How much would you pay to travel across the country for a year birding with one of America's biggest birding celebrities? While such a trip might set you back tens of thousands of dollars, about $30 can get you the next best thing if you buy Pete Dunne's Essential Field Guide Companion. Reading this new book is like following Pete Dunne on an extended field trip across the continent as he rattles off his own impressions of over 700 bird species--including his own nicknames for the birds, tips on identifying them, their characteristic behaviors, and even unique aspects of the the way each species flies.

While labeling a book as "essential" is a pretty tall claim, what about this book might give someone the idea that they would really, really need it? First off, its important to discuss what this book is and isn't. Basically, this book is an identification guide...but not the traditional bird guide that you might take out into the field and hold up to see which bird picture matches the bird you are looking at through your binoculars. Perhaps the most amazing thing about this book is that it may be the first bird identification book in a hundred years to have no illustrations. That's right. Over 680 pages of how to identify birds, without a single sketch, drawing, painting, or photograph of a bird.

So, how are you supposed to identify birds without pictures? Here's where this book is different. While most bird identification books are designed to be taken into the field, this one is not. It isn't a field guide. As the title indicates, its a companion or supplement to your field guide--something that Dunne might call a Field Guide Helper (and if he was designing his own book cover, pattern if after a box of hamburger helper). Instead of reading it while looking at a bird, this book is designed to be read while looking at another field guide. It doesn't belong in your hand or backpack in the field, it belongs on your desk or table top next to your field guide.

Dunne explains that he wanted to write this book because he felt that the text in modern field guides is just too brief. He got frustrated working on the last edition of the Peterson Field Guide to Eastern Birds, because he wanted to include more text but there wasn't room. Dunne was also inspired by the old Audubon field guides, the ones with paintings by Eckleberry, that had lengthy written descriptions and notes about each bird. The modern Audubon photo guides also have a lot of text, more than the other more recent guides.

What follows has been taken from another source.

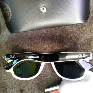 White/black ray-ban. has small scrap in corner. In great condition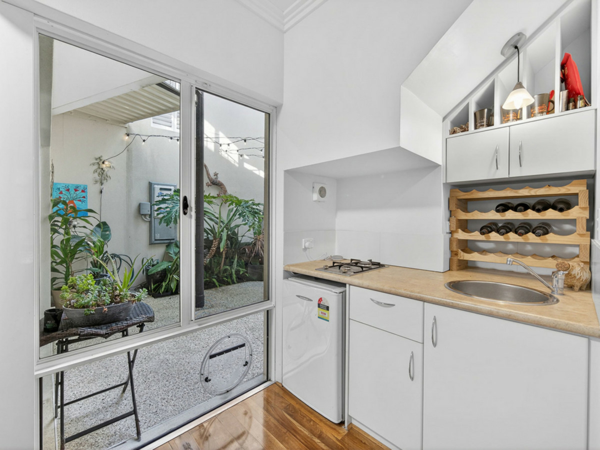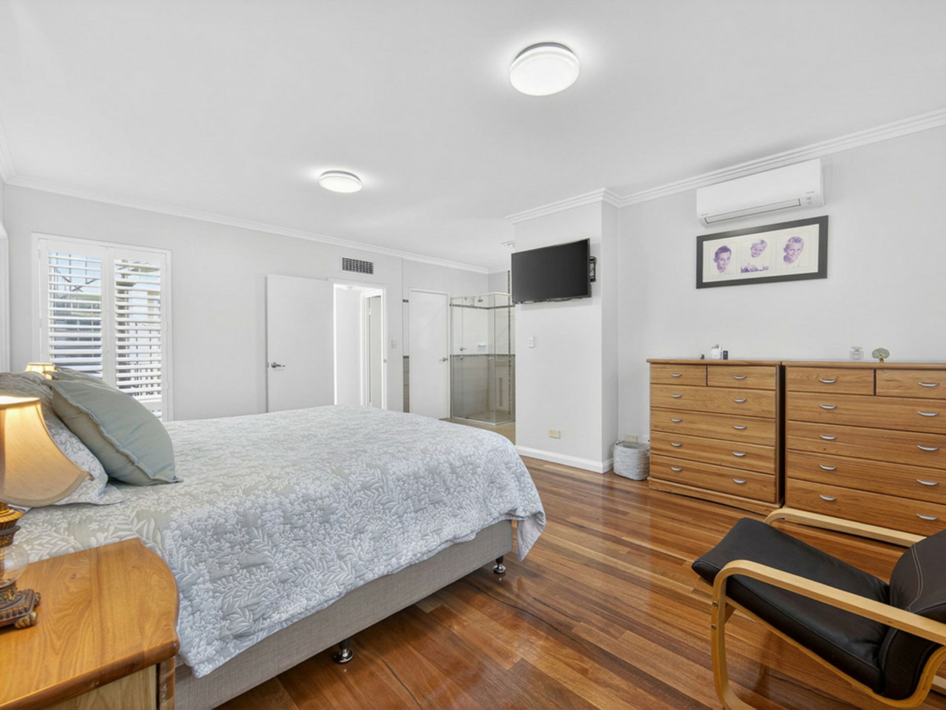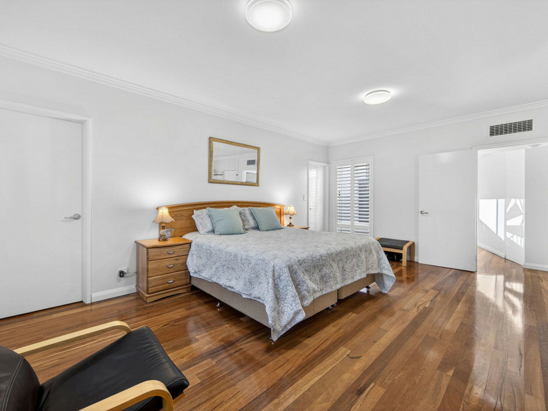 Upstairs, the first floor is anchored by a recently renovated kitchen that is both striking and highly functional. Stone benchtops and stone splashbacks are paired with a statement island featuring waterfall edges, creating a central hub for gathering. A dedicated coffee station, walk-in pantry and an impressive suite of quality appliances by Miele, Neff and Fisher & Paykel elevate the space, while warm Marri floorboards add richness and character. Bifold doors open seamlessly to a Juliette balcony, allowing fresh air and natural light to flow through the living area and enhancing the connection between indoors and out.

So, this book is intended to provide all the text that couldn't be put into a normal field guide, but that could help you better identify the birds you see in the field, but are still puzzling about when you get home. In this way, it is different than Kenn Kaufman's Lives of North American Birds, which is a field guide companion focused on the life history details for each species rather than bird identification issues. The other book which this one needs to be compared with is the new National Geographic Complete Birds of North America. The National Geographic book contains illustrations from their field guide, with expanded text giving additional information on how to identify the birds. So, what might make Pete Dunne's book more "essential" than the National Geographic book?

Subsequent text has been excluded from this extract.